Brothers

The world is currently seeing unprecedentedly high numbers of displaced peoples. Domestically, Canada faces growing tensions around immigration, race, discrimination, and systemic violence. It’s increasingly easy to forget the faces behind the numbers; human lives often get boiled down to statistics or identity politics.

A new novel published by Penguin Random House, David Chariandy’s Brother, aims to address this. It focuses on those living in marginalized communities.

Brother is set in Chariandy’s native Scarborough suburbs. Set in the early nineties, Brother follows the lives of two second-generation, mixed-heritage Trinidadian-Canadian brothers, Michael and Francis, as they navigate the violent, stifling fringes of the city and grow up understanding that almost everybody, by default, underestimates them because of the colour of their skin.

As the narrator, Michael is quiet and reflective, a natural observer. Francis, the older brother, is magnetic and strong-willed; he hopes to carve out a space for himself in the music industry. Meanwhile, their mother — single and perpetually exhausted — works multiple jobs, tireless in her ambition to provide ‘opportunity’ for her sons.

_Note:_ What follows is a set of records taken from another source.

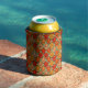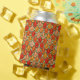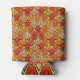 Esta lata tem um design de tulipas de deco de arte de pentágonos e trapezoides em diferentes tons de laranja.
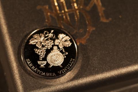 Monedă comemorativă „Sărbătoarea vinului”, în circulaţie din 10 octombrie 2003.
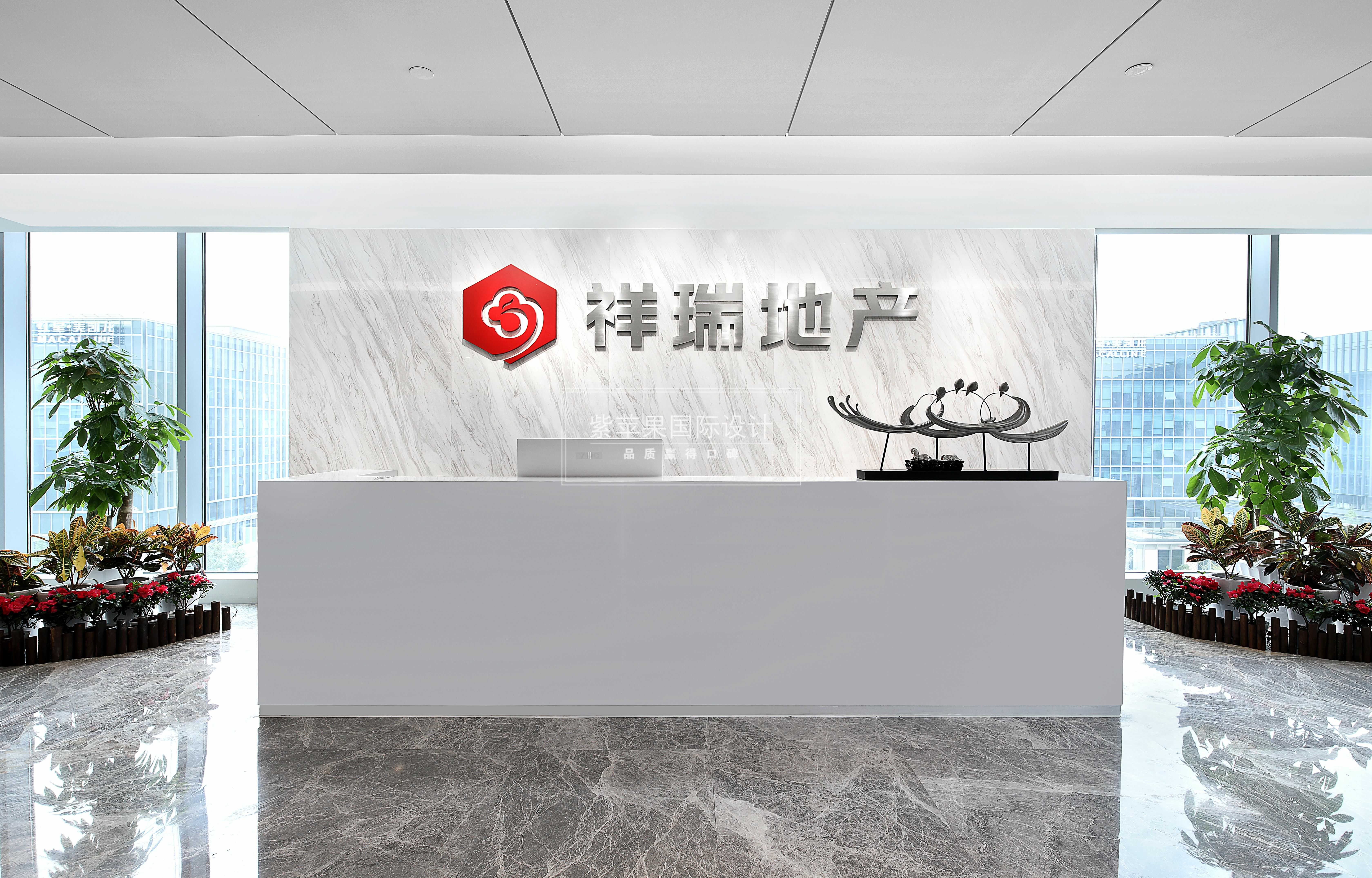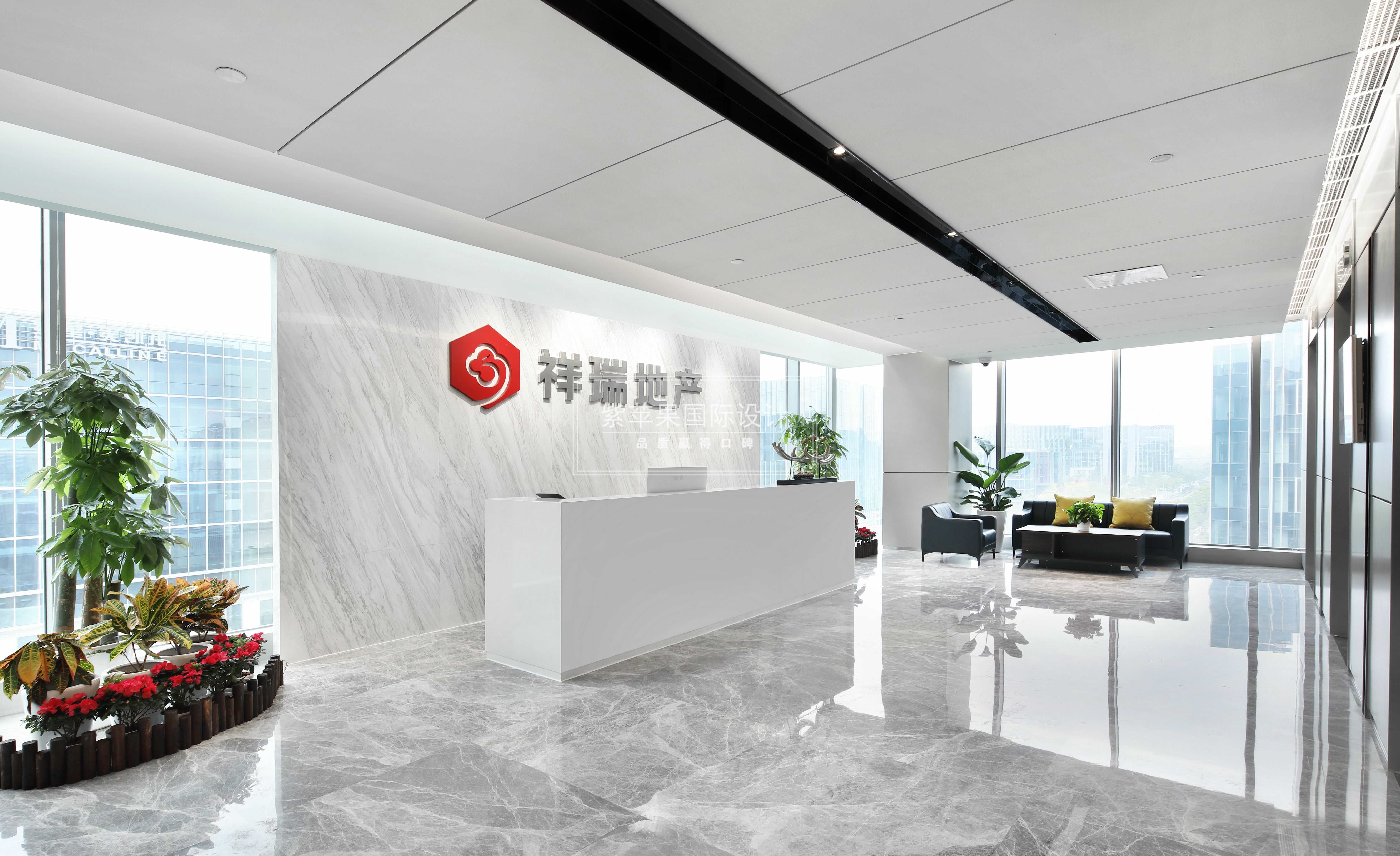 一出電梯間,映入眼簾的就是祥瑞的前臺處。大面積留白的區(qū)域顯得寬敞大氣、不拘小節(jié)。采用經(jīng)典黑白的色彩搭配,兩旁角落處用綠植盆栽作加飾,不失商務(wù)禮儀和氣度。
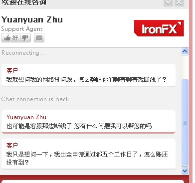 在QQ问客户经理十问九不答,在铁汇官网询问LIVE CHAT说了不到两句自动断线,好几个LIVE CHAT线路都是这样,一问到我的出金为什么那么久还没有到账就断线,断线之后就提示聊天结束。问QQ的客户经理,就说星期一写邮件去后台催一下,先别说其他的,银联出入金会拖这么久?让我写邮件催是不是到他回答我的这一刻还是没有出金给我?
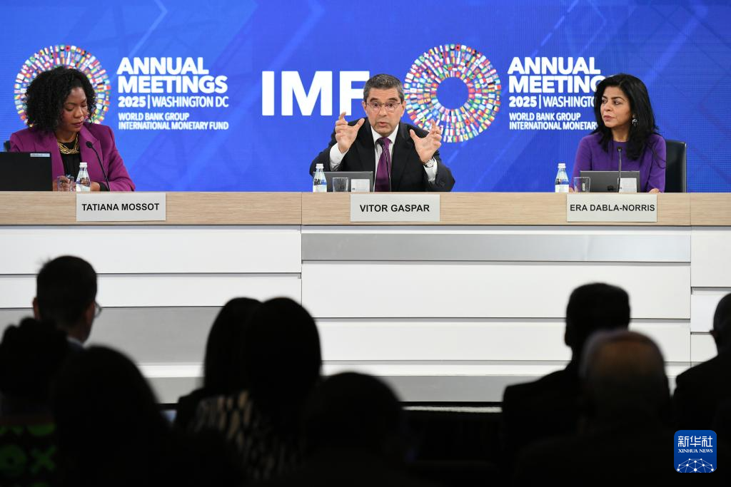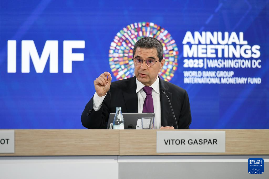 10月15日,在美国华盛顿,国际货币基金组织财政事务部主任维托尔·加斯帕尔(中)在《财政监测报告》新闻发布会上讲话。
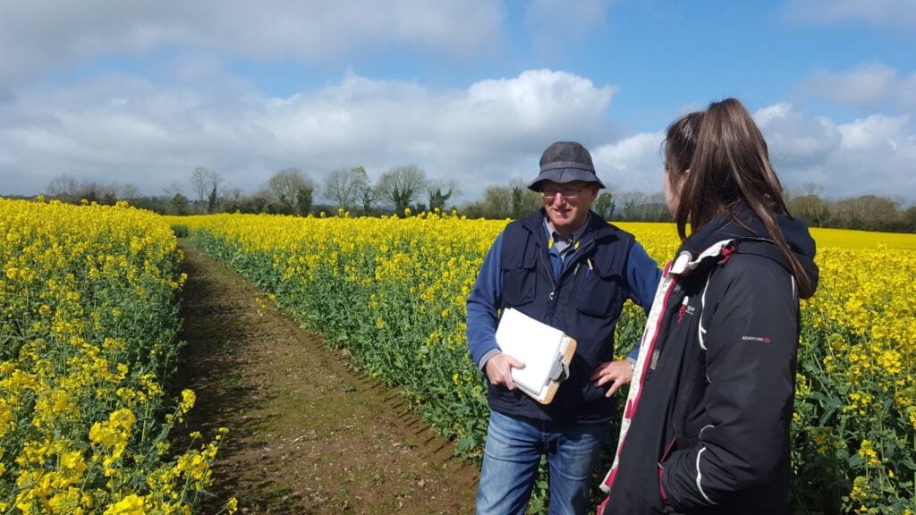 Patsy Kehoe was busy showing Waterford IT students around the Seedtech trial site in Co. Waterford this week. He’s pictured talking to student Helen Morrissey.
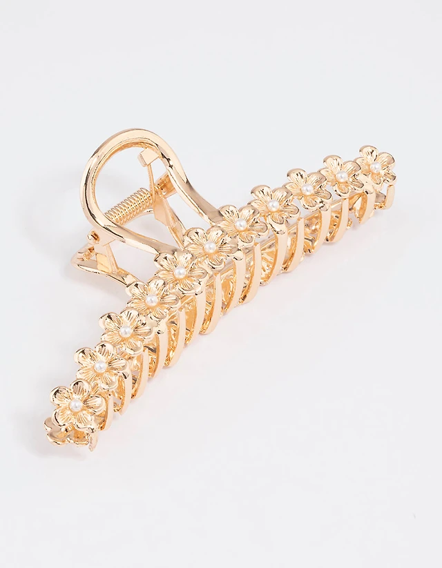 Gold Pearl & Flower Claw Clip
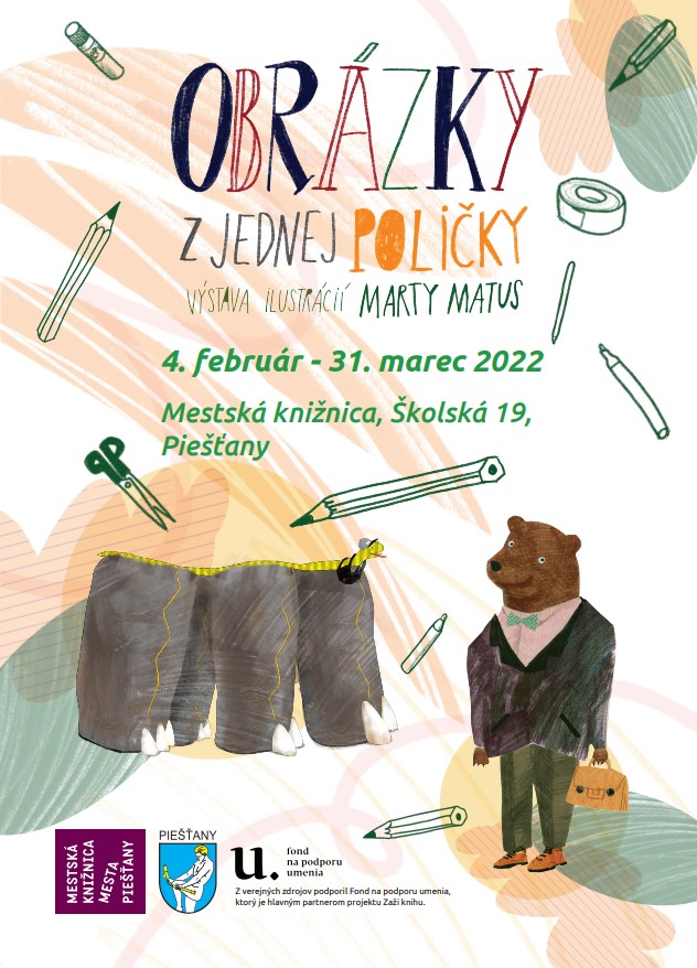 Miesto konania Piešťany (Slovensko) Descripton Výstava ilustrácií Marty Matus z kníh pre deti.
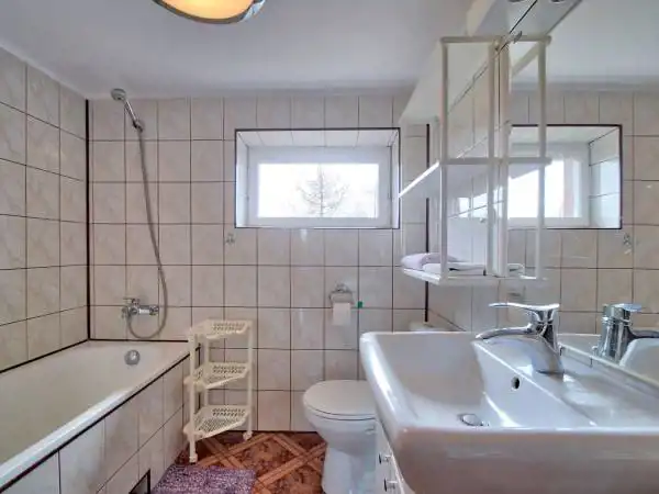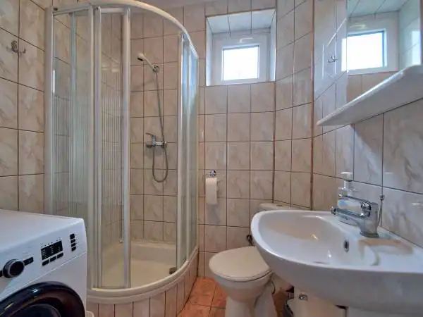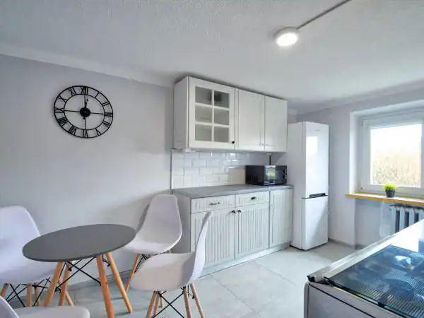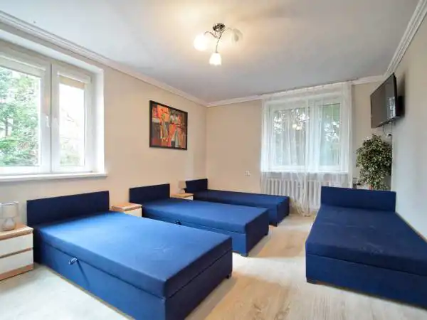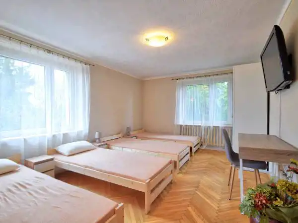PARTER: POKOJE: na podłogach panele, na ścianach gładź gipsowa. Pokoje wyposażone w łóżka, telewizory, szafy, regały, stoły i krzesła. ŁAZIENKA (glazura i terakota) z kabiną prysznicową i WC wyposażona również w umywalkę, lustro, szafkę i pralkę. KUCHNIA: na podłodze terakota, na ścianie: płytki oraz gładź gipsowa. Wyposażenie: szafki kuchenne, mikrofala, kuchenka gazowa, piekarnik, lodówka. PRZEDPOKÓJ: na podłodze płytki, na ścianach tynk malowany farbą i tapeta.
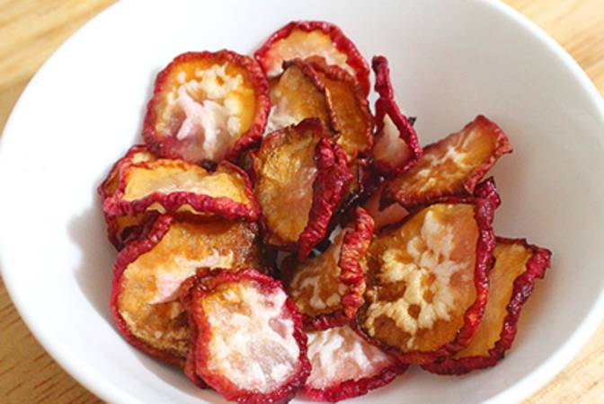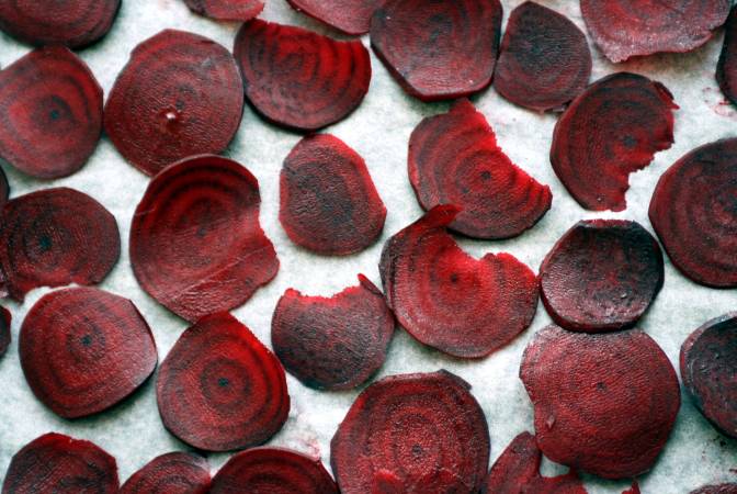 رقائق البنجر : يمتلك البنجر نكهة لذيذة للغاية و له طعم فريد للغاية . قم بتقطيع البنجر إلي شرائح رقيقة و إضافة الملح و الخبز مع زيت الكانولا. قم بإستخدام الزبادي فهو يعطي نكهة مميزة و يمكنك تناوله في العشاء .

However, facing the hostile realities of being Black in a prejudiced community, Michael and Francis collide directly with the fear-driven forces of a single bullet.

Throughout Brother, Chariandy offers a sincere meditation on grief in the aftermath of careless brutality, the bonds that hold families together, and the corrosive despair of being stuck in one place and tied down by poverty. The book is longlisted for the Scotiabank Giller Prize and is a finalist for the Rogers Writers’ Trust Fiction Prize, and rightly so.

The book is a jewel. I found that along with its blatant and honest portrayal of inequality, it’s filled with moments of grit, pride, courage, and hope. Although barely longer than a novella, Brother dazzles and devastates. It’s brutal, poetic, and palpable, all at once.

The Boat People

Palpability is the strength of The Boat People too, the beating of a human pulse that readers will feel within the pages. Bala successfully weaves distinct stories together, transitioning between three perspectives: those of Mahindan, a Sri Lankan refugee and the father of six-year-old Sellian; Priya, his second-generation Sri Lankan-Canadian lawyer; and Grace, a third-generation Japanese-Canadian adjudicator assigned with the task of deciding Mahindan’s future.

Bala’s tale opens up with the quotidian sounds, sights, and smells of a refugee boat, where all sense of time is lost. When Mahindan first sees the approaching horizon of a strip of land — Canada — a singular thought floods his mind: “We are safe.” And if, as readers, we’re unable to relate to his feeling of relief, we can certainly recognize the moment the refugees are met with protest: “Send the illegals back! Go home terrorists!”

Despite representing an accepting and tolerant sanctuary to Mahindan, he soon discovers that the country is full of fear and resentment. He’s separated from his son and placed in a prison cell as he waits to be granted asylum.

In our current global climate, many refugees and immigrants are treated with the same indignation and aggressive pushback. Where The Boat People excels is in its depiction of the politics and bureaucracy surrounding refugee status, and the organization of refugees’ lives.

According to Anita Chong, Senior Editor at McClelland & Stewart and editor of The Boat People, Bala’s poignant novel “asks us to reflect on the often too-cozy image that we have of Canada as a welcoming nation, an image that many Canadians have been especially proud to burnish in 2017 in comparison to what is happening in the United States. It asks us to remember that we have never been immune to the forces of fear and xenophobia.”

“Now that the worldwide refugee crisis has begun to push against Canada’s borders, Canadians are being asked to consider who should be allowed safe haven and who should be turned away,” added Chong.

One thing can be said for sure: both Brother and The Boat People are very timely additions to Canadian literature. They show how fiction is the antidote to hate and divisiveness, because of its ability to foster empathy for other ways of life and to recognize the universality of others’ struggles and joys.

Brother and The Boat People demand self-reflection. When we sing “O Canada” and pride ourselves in being “the True North strong and free,” we must ask ourselves a few questions: is freedom in Canada an exclusive term? If so, for whom is it reserved? Through the stories of Michael and Francis, and Mahindan and Sellian, we can learn to examine the powers of the institutions that are allowed to distribute or confiscate it.